§ Data under study:
<<<<
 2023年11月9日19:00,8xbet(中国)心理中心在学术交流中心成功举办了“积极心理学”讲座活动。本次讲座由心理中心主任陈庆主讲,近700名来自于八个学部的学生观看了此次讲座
>>>>
<<<<
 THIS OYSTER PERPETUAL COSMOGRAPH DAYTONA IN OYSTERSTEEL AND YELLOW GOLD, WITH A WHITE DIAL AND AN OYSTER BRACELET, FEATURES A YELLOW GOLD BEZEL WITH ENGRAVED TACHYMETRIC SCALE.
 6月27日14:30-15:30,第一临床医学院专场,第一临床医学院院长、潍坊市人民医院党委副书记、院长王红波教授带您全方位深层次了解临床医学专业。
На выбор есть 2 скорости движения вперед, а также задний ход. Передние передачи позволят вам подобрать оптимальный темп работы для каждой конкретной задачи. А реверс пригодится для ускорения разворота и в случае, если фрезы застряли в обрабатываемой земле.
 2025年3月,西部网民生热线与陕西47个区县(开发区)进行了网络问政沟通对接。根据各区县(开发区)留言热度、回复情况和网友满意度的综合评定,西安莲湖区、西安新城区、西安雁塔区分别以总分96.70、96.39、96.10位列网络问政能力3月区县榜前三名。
>>>>
<<<<
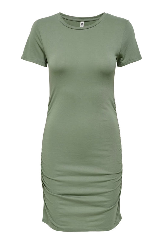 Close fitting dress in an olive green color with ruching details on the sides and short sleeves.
>>>>
§ Activity:
In the material above, locate the line containing "6月27日14:30-15:30,第一临" and the line containing "2025年3月,西部网民生热". Transcribe exactly those two lines and every line between them, and nothing more.

§ Final answer:
 6月27日14:30-15:30,第一临床医学院专场,第一临床医学院院长、潍坊市人民医院党委副书记、院长王红波教授带您全方位深层次了解临床医学专业。
На выбор есть 2 скорости движения вперед, а также задний ход. Передние передачи позволят вам подобрать оптимальный темп работы для каждой конкретной задачи. А реверс пригодится для ускорения разворота и в случае, если фрезы застряли в обрабатываемой земле.
 2025年3月,西部网民生热线与陕西47个区县(开发区)进行了网络问政沟通对接。根据各区县(开发区)留言热度、回复情况和网友满意度的综合评定,西安莲湖区、西安新城区、西安雁塔区分别以总分96.70、96.39、96.10位列网络问政能力3月区县榜前三名。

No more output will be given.